### What you need to do
Leaving every picture out, please return exactly the lines from the top of the material below through the line with "- फिर कढ़ाई", both included.

### Dataset excerpt
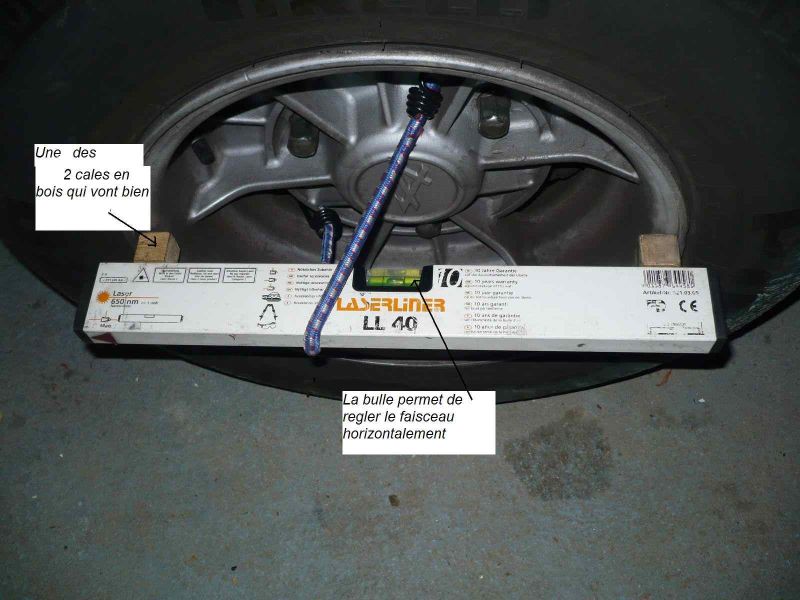 1 On utilisera ici la roue AVd. Fixer le laser, tracer le spot avant et le spot arrière.
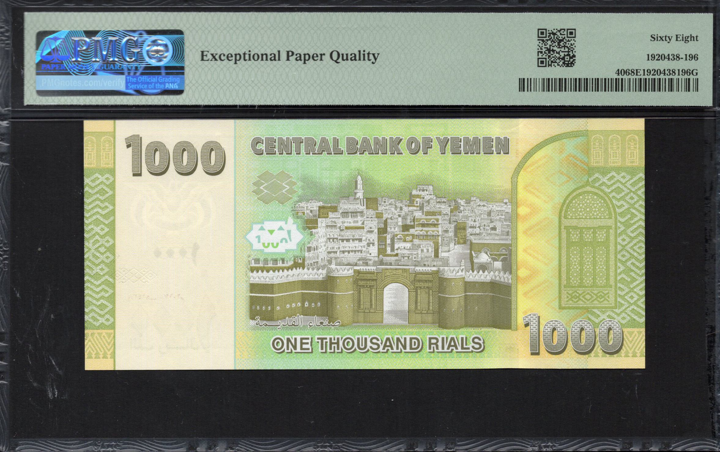 De voorzijde van het 1000 Riyal biljet toont een prominente afbeelding van een traditioneel Jemenitisch gebouw, met ingewikkelde architectonische elementen die de rijke cultuur en erfgoed van Jemen weerspiegelen. De achtergrond is versierd met patronen en een levendig groene kleur, naast de duidelijk weergegeven denominatie. Veiligheidskenmerken omvatten microdruk en mogelijk een watermerk om de authenticiteit te waarborgen. De ornamentale rand versterkt het gehele ontwerp en voegt een vleugje elegantie toe.
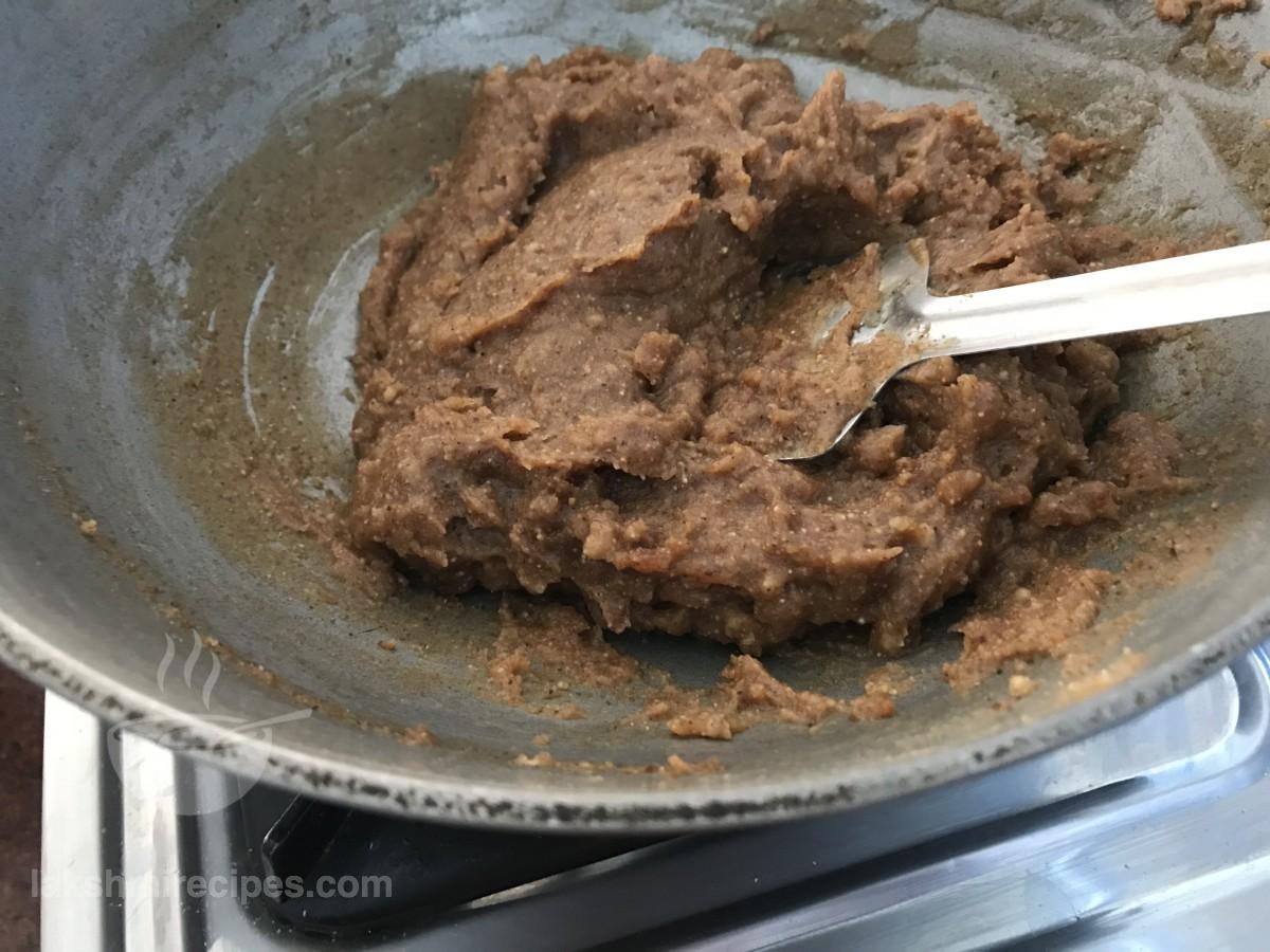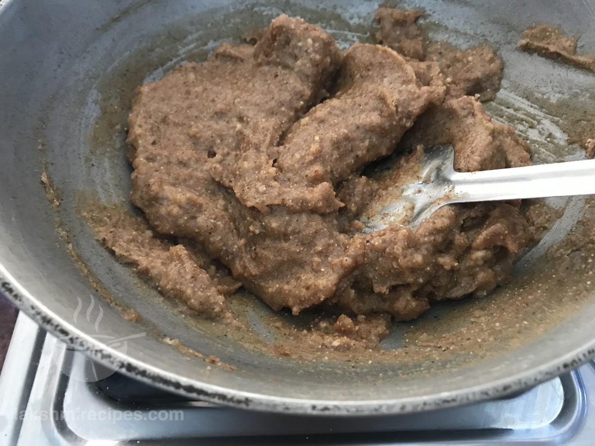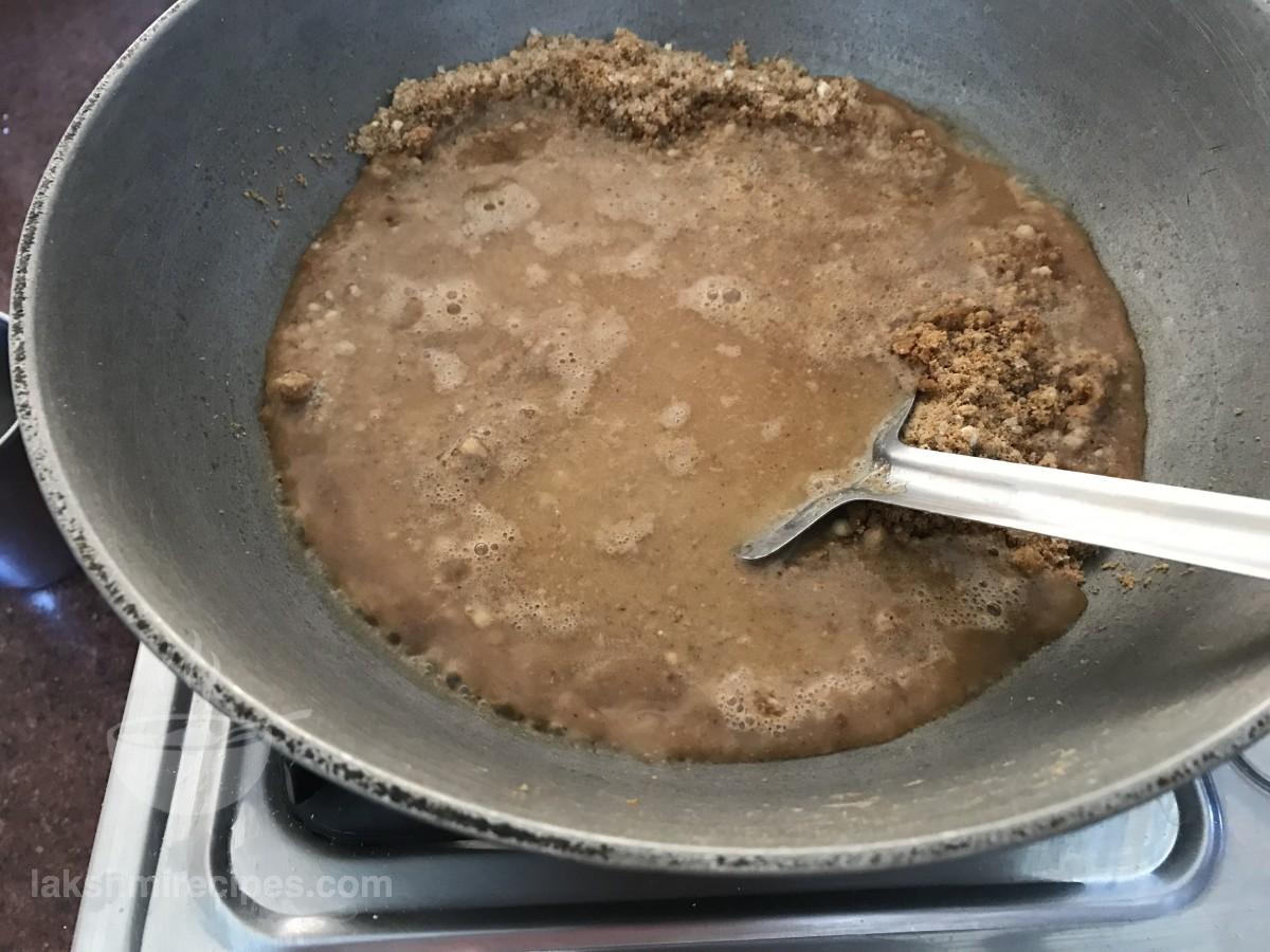 - फिर कढ़ाई में लगभग 1.5 बड़ा कप पानी डालें और सामग्रियों को एक साथ मिलाएं।याद रखे कि कोई गांठ न बनें।
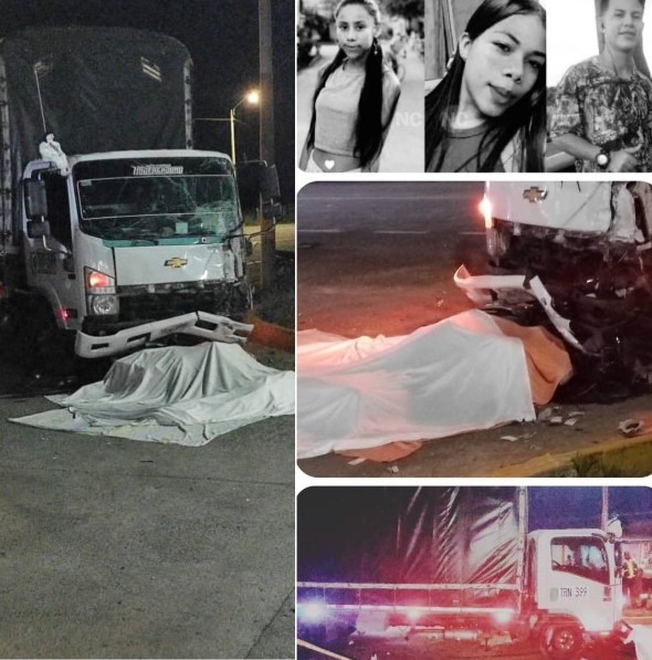 Las tres personas que perdieron la vida la noche de este domingo durante un accidente entre una moto y un camión, fueron identificadas como María del Mar Jaraba, de 15 años de edad, Karol González, 16 años de edad y Daniel, 17 años de edad.

### Problem solution
 1 On utilisera ici la roue AVd. Fixer le laser, tracer le spot avant et le spot arrière.
 De voorzijde van het 1000 Riyal biljet toont een prominente afbeelding van een traditioneel Jemenitisch gebouw, met ingewikkelde architectonische elementen die de rijke cultuur en erfgoed van Jemen weerspiegelen. De achtergrond is versierd met patronen en een levendig groene kleur, naast de duidelijk weergegeven denominatie. Veiligheidskenmerken omvatten microdruk en mogelijk een watermerk om de authenticiteit te waarborgen. De ornamentale rand versterkt het gehele ontwerp en voegt een vleugje elegantie toe.
 - फिर कढ़ाई में लगभग 1.5 बड़ा कप पानी डालें और सामग्रियों को एक साथ मिलाएं।याद रखे कि कोई गांठ न बनें।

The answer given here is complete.